The Marquess of Lede (Marquesado de Lede) was a Flemish title in use during the Ancien Régime. Lede is a city in Flanders, Belgium.

== History ==
Jacques, son of Adrian Bette, Lord of Angrelles inherited the Heerlijkheid of Lede, of his father in law Jean de Gruutere (1501 - 1556). By Spanish Royal decree the Heerlijkheid was elevated to a barony. And finally the title Marquess of Lede was created on 3 August 1633 by King Felipe IV for Guillaume de Bette, 1st Marquess of Lede after his participation in the Capture of Maastricht. The title was passed from generation to generation until the last Marquess died, the only relative was Maximilien Carnin de Staden, who died in Mesen Castle.

== Marquesses of Lede==

Jacques Bette (1521–1591):
Married to Isabeau de Gruutere, Lady of Lede.
  1. John Bette, Baron of Lede:
Married to Joanne of Glymes-Berghes.
    1. Guillaume de Bette, 1st Marquess of Lede:
married to Anna Marie de Hornes-Bassignies.

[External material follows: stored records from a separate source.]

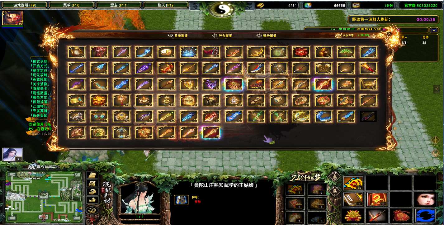 地图名字:混乱武林TD刀剑如梦7.0.9地图下载+全商城特权+全存档+隐藏英雄+无CD+指令功能
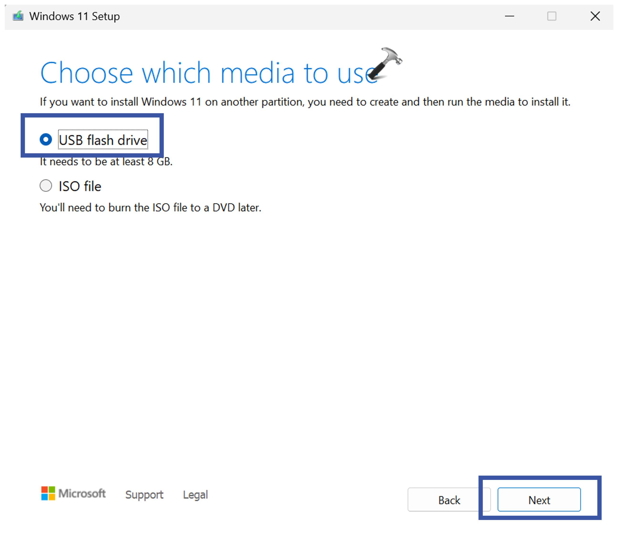5. Μετά από αυτό, το "Επιλέξτε ποια μέσα θα χρησιμοποιηθούνΘα εμφανιστεί το πλαίσιο προτροπής. Επιλέξτε "Μονάδα flash USB"Και κάντε κλικ στο"Επόμενος«.
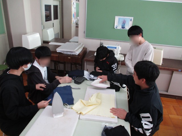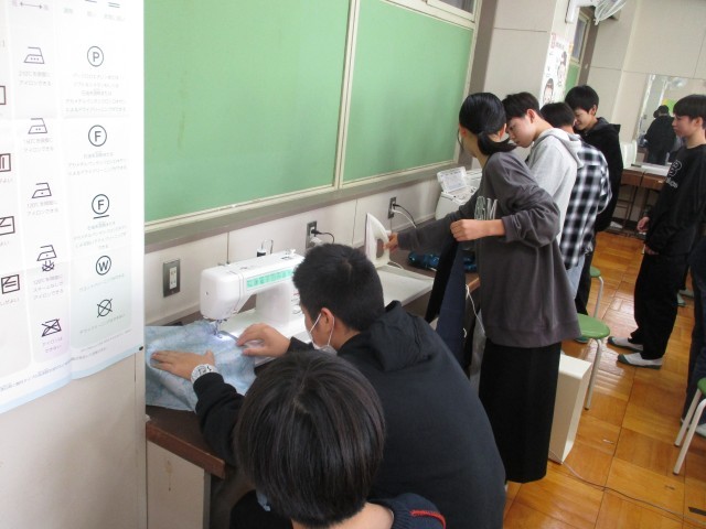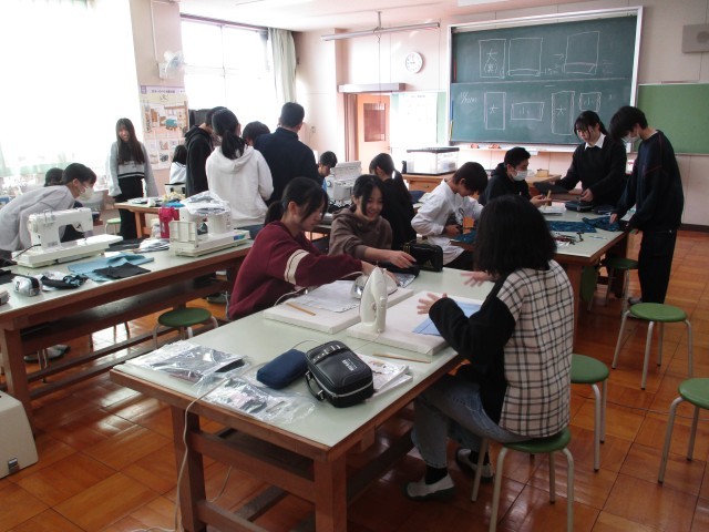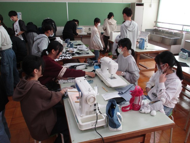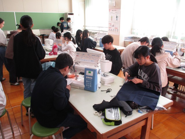2年生の家庭科の時間は被服実習で、「トートバッグ」作りです。日頃使うことのないミシンやアイロンを使って自分で用意したお気に入りの生地を仕上げていきます。

      1. Ambroise Auguste de Bette, 2nd Marquess of Lede, (1640–1677):
Married to Dorothea of Croy.
        1. Jean François de Bette, 3rd Marquess of Lede, Grandee of Spain and Knight of the Golden Fleece:
Married to Anne Marie of Croy.
          1. Emmanuel-Ferdinand-François de Bette, 4th Marquess of Lede, died in 1779: last Marquess of Lede.
        1. Felipe-Emmanuel de Bette (1677–1742), knighted in the Order of Santiago
        2. Ignace II de Bette: Canon at Liege Cathedral.

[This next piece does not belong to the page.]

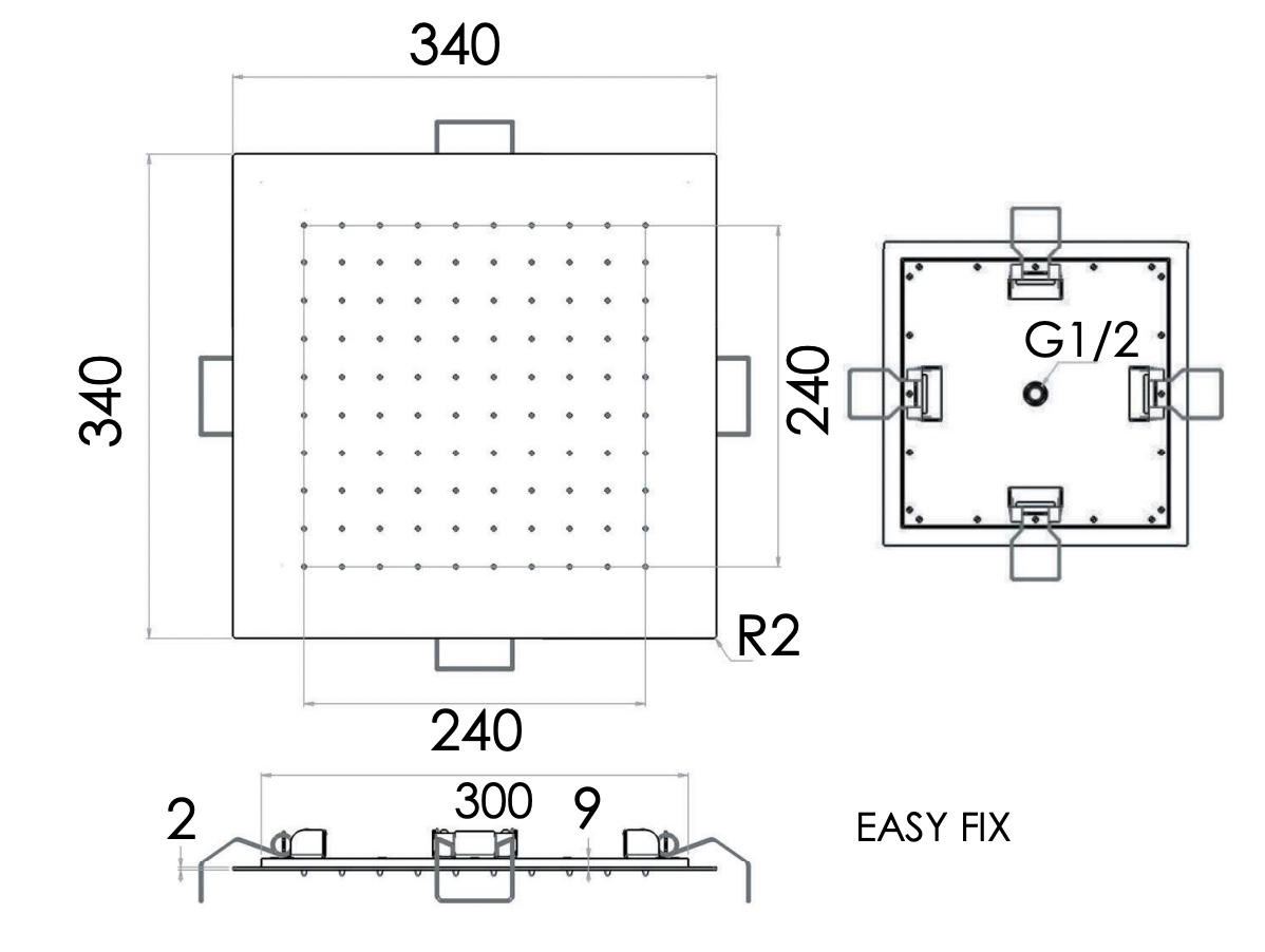 —Верхний душ потолочный 34 см Remer INOX SS357EFS34

        3. Honorina Maria de Bette:
Married in 1685 Guillaume-Charles-François-Louis of Bourgogne, died 1707: Count of Wacken.
        1. Maria Theresia de Bette: marr. in 1700 François-Claude Coloma, 2nd Count of Bornhem.
      1. François de Bette.
      2. Ignace I de Bette.
      3. Eugene Ernest de Bette: Cisterciensan Abbot of Notre-Dame de Rosières, Beçanson.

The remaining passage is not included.